(Provided material)
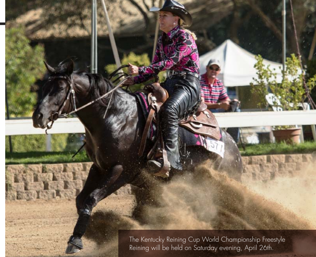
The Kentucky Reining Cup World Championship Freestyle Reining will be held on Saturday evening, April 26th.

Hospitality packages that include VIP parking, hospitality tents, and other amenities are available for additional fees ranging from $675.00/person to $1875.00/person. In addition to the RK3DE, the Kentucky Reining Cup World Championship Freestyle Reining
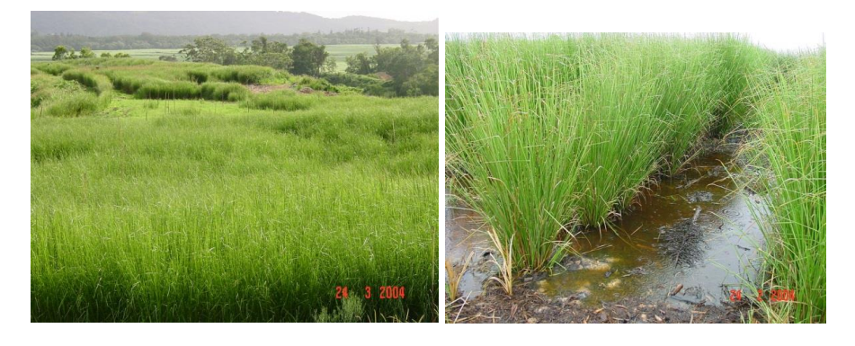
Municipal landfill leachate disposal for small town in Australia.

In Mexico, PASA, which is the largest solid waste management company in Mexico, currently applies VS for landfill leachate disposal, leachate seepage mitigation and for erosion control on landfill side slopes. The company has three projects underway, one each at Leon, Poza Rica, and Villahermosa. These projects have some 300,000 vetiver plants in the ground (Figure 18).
(End Provided material)
Problem to solve:
Retype the data above exactly. Leave the pictures out.

Exercise solution:
The Kentucky Reining Cup World Championship Freestyle Reining will be held on Saturday evening, April 26th.

Hospitality packages that include VIP parking, hospitality tents, and other amenities are available for additional fees ranging from $675.00/person to $1875.00/person. In addition to the RK3DE, the Kentucky Reining Cup World Championship Freestyle Reining
Municipal landfill leachate disposal for small town in Australia.

In Mexico, PASA, which is the largest solid waste management company in Mexico, currently applies VS for landfill leachate disposal, leachate seepage mitigation and for erosion control on landfill side slopes. The company has three projects underway, one each at Leon, Poza Rica, and Villahermosa. These projects have some 300,000 vetiver plants in the ground (Figure 18).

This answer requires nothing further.